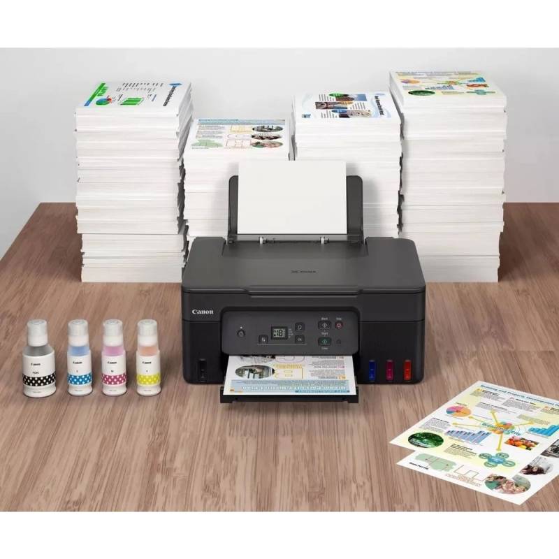 - МФУ PIXMA G2470 с пополняемыми емкостями для чернил, контейнеры с чернилами (4 цвета), Кабель питания, Руководства пользователя и другие документы
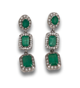 PENDIENTES LARGOS DE ROSETONES DE ESMERALDAS Y DIAMANTES, EN ORO BLANCO
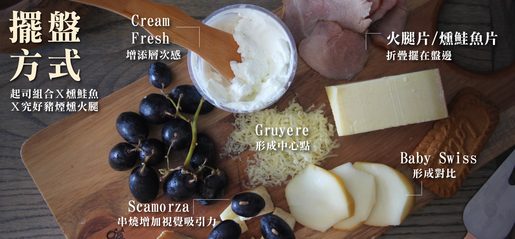 搭配方式: 以法式酸奶油盅擺放在Gruyere周圍。
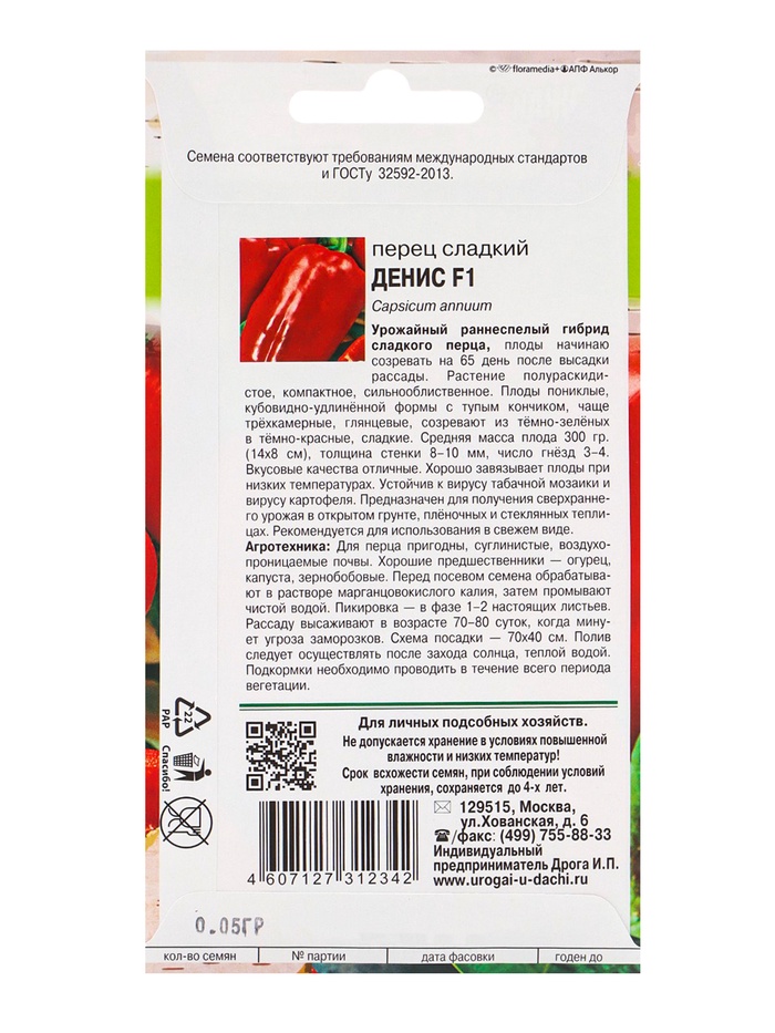 Количество семян, г: 0,05
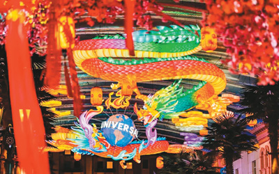 Photo shows dragon-themed decorations at Hollywood Boulevard, the Universal Beijing Resort. (Photo courtesy of the Universal Beijing Resort)
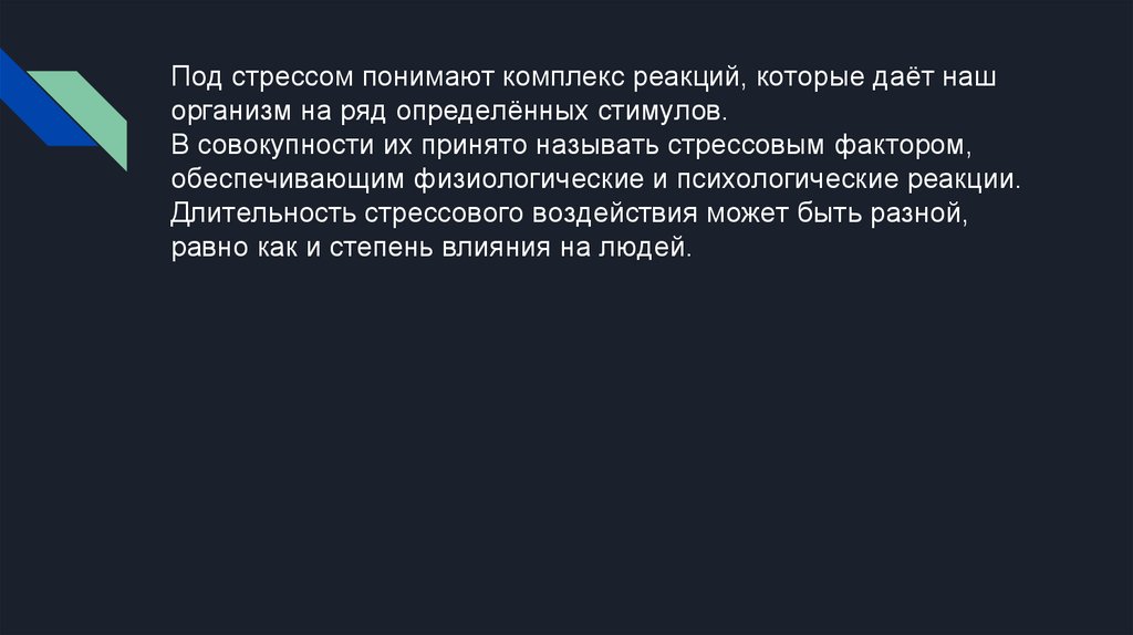Под стрессом понимают комплекс реакций, которые даёт нашорганизм на ряд определённых стимулов.
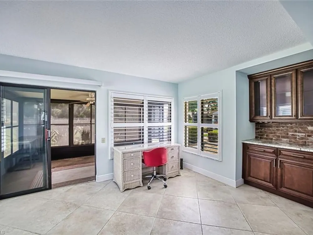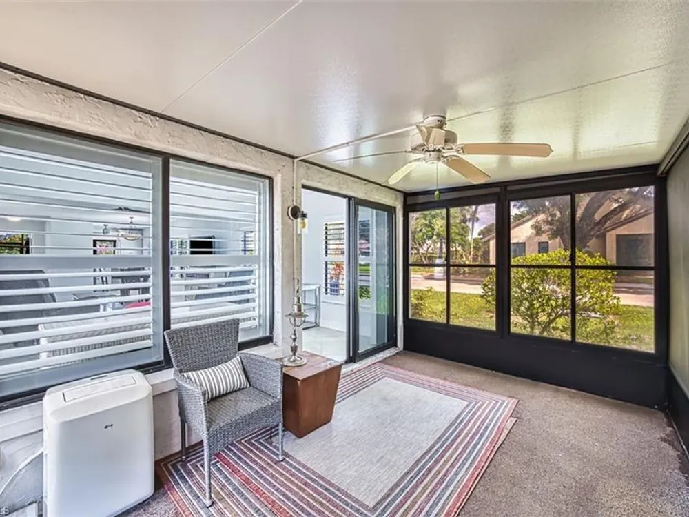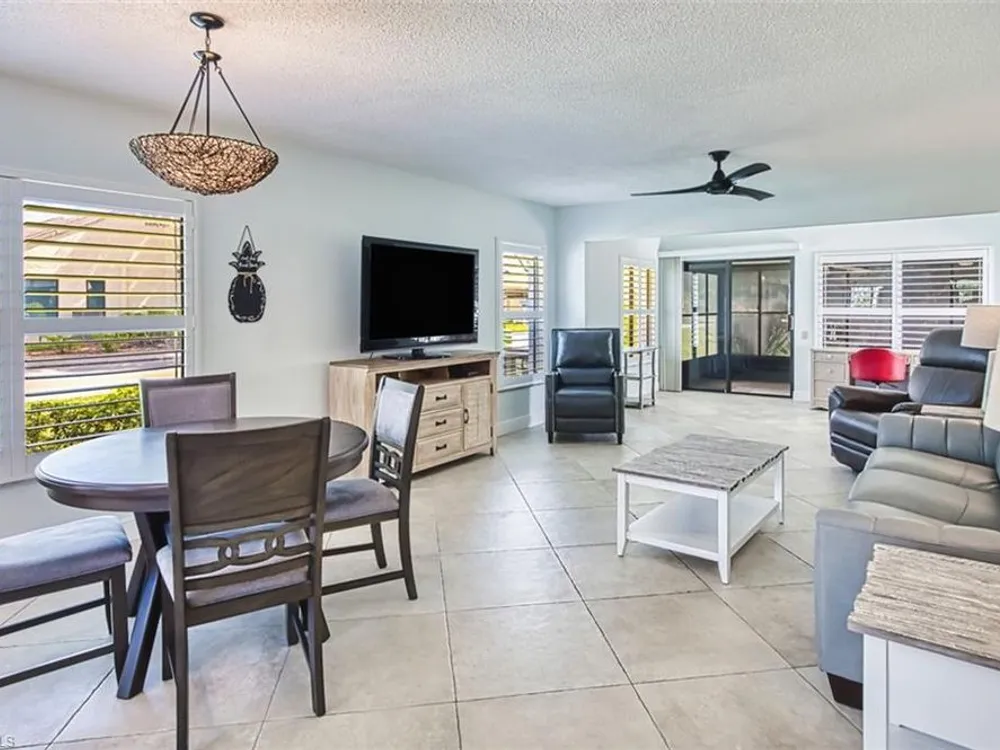Amazing Price! Welcome to this Nicely Furnished and Updated 2 Bedroom, 2 Bath Garden Villa! The "Lido" Floorplan is 1230 Sq Ft. Located in the Seven Lakes Golf & Tennis Community. Granite Kitchen Countertops, Stainless Steel Appliances, Plantation Shutters and Tile flooring throughout. Split Bedroom Floorplan. Screened in Lanai with Interior Windows, Electronic Shades and Portable A/C. Updated Electrical, insulation and ductwork cleaning 2023. Halo Air Purification system 2023. Reverse Osmosis. Full Size Maytag Washer & Dryer. A/C is 2018. Hot Water Heater is 2016. Roof is 2023. Bundled Golf Community. Executive Golf Course is Newer! Active Adult 55+ Community offers 6 Heated Pools, 6 Har Tru Tennis Courts, Shuffleboard, Bocce ball, Pickle ball, Library Card rooms, Exercise room, Billiards, Wood Shop, Hobbies, Crafts, Cards, Restaurant, Full Time Recreational Area with Dinners, Movies and Dancing Events. Pet Friendly (1 pet under 25 lbs). 24 hour manned guard gate. The monthly Fee includes Bundled Golf for 2, Internet Wi-Fi, Cable, Water, Sewer, Structure Insurance, Trash & Building Maintenance. You only pay for Electricity! NO Golf Transfer fees, NO Golf Green Fees & NO Food Minimum in the restaurant. Minutes to Restaurants, Beaches & RSW Airport! Quick closing is possible. Come visit paradise!
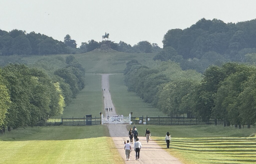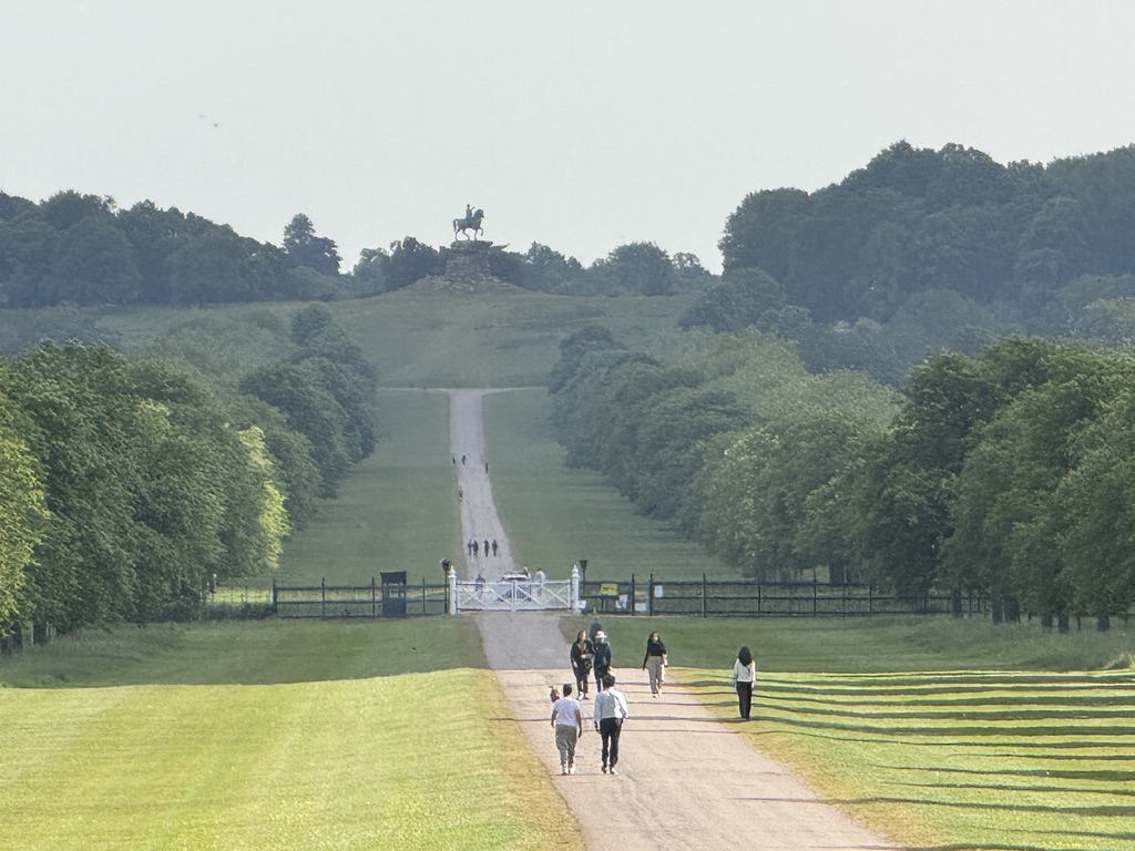 A man on the horse, a statue of King George III, known as “The Mad King” is at the end of walking 3 miles (and 3 miles back!). At the statue, I had a conversation with 2 teenage boys: Markus and Ryan. They lived in the town of Windsor and did a weekly walk together. I asked them who was on the horse? They said it was a Prince. I told them the story of King George III who basically helped create the United States. They did not go to the private school of Eton, but enjoyed their public school nevertheless.

• [Description of the task] Only the lines between the one with "Количество семян, г: 0,05" and the one with "Под стрессом понимают", those two included, get copied from the material above. Keep it exact and free of pictures.

• [Output]
 Количество семян, г: 0,05
 Photo shows dragon-themed decorations at Hollywood Boulevard, the Universal Beijing Resort. (Photo courtesy of the Universal Beijing Resort)
Под стрессом понимают комплекс реакций, которые даёт нашорганизм на ряд определённых стимулов.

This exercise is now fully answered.